Some organic chemicals like explosives are shock sensitive. A good example is nitroglycerine. Shock sensitivity is the application of mechanical energy to the substance, in the case of nitroglycerine, undergoing a chemical transformation begins with the breaking of the weakest covalent bond. This leads to a rapid cascade of transformations and the evolution of hot gases. Oh, and a shock wave too. Notably, these rapidly evolving hot gases occupy more space that did the liquid nitroglycerine, famously doing pressure-volume work on the surroundings.

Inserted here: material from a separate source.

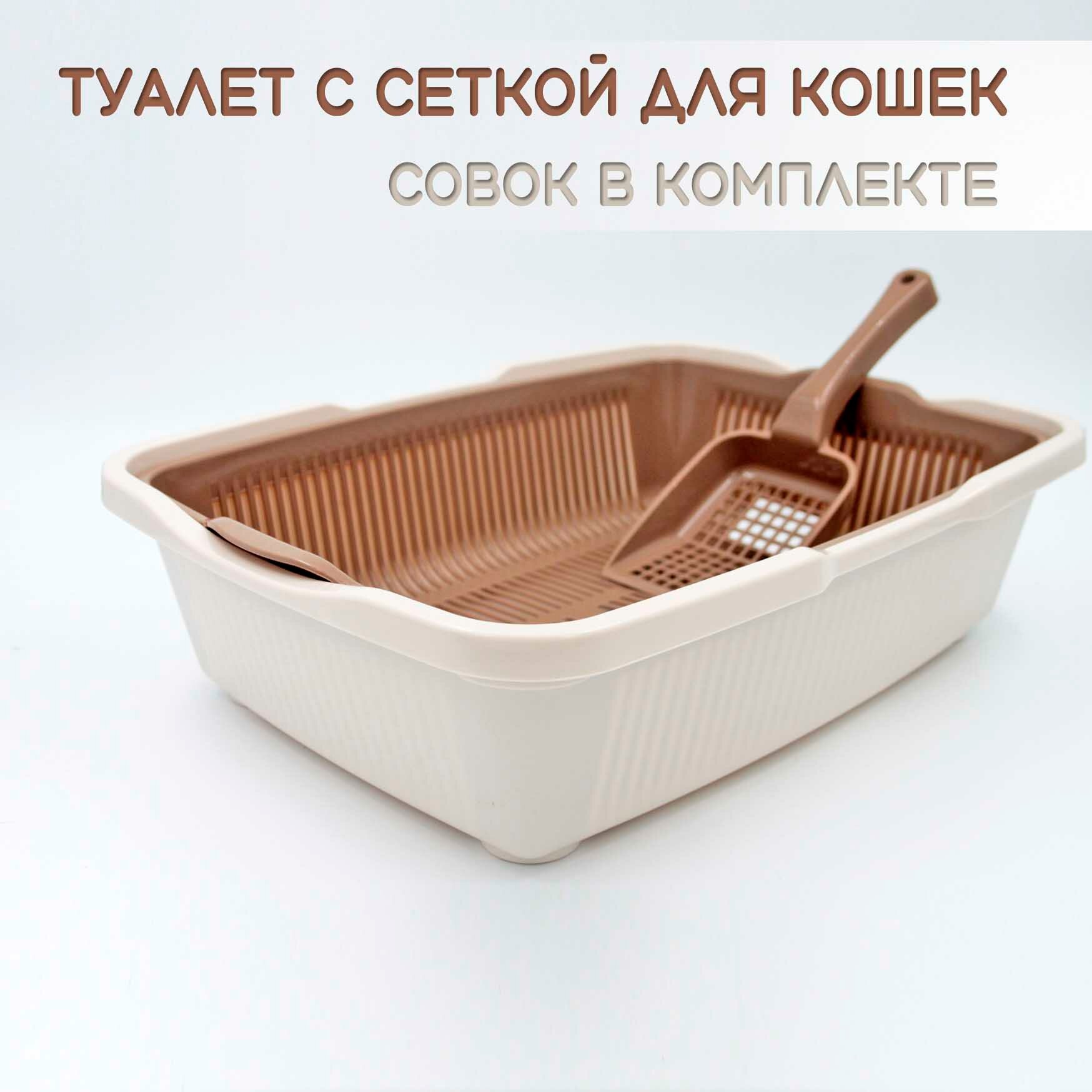 Туалет для кошек с сеткой молочный-кофейный + совок в подарок интересное:

This long, drawn out explanation leads to a point- Chemical change can and does occur at mineral surfaces. The application of mechanical forces to a solid can result in contact surfaces receiving a large input of mechanical energy. There are mechanical and chemical consequences as well as triboelectrical effects. In the case of a flint and steel, combustion can occur if just momentarily.

Back to Abiogenesis-

Minerals can be altered chemically somewhat through impact and sliding friction. The mineral itself can be altered but more to the point, if prebiotic substances are present near the contact they might be subject to the energy input which can manifest as localized and momentary heating.

Let’s not forget the mineral surfaces themselves. A given mineral may be an ionic substance where the ions are locked into a lattice. Furthermore, the distinct crystallographic surfaces may be chemically reactive in their interactions with the environment.

This is as far as I’m willing to go down this dendritic Google hole. More to follow. Have a good day!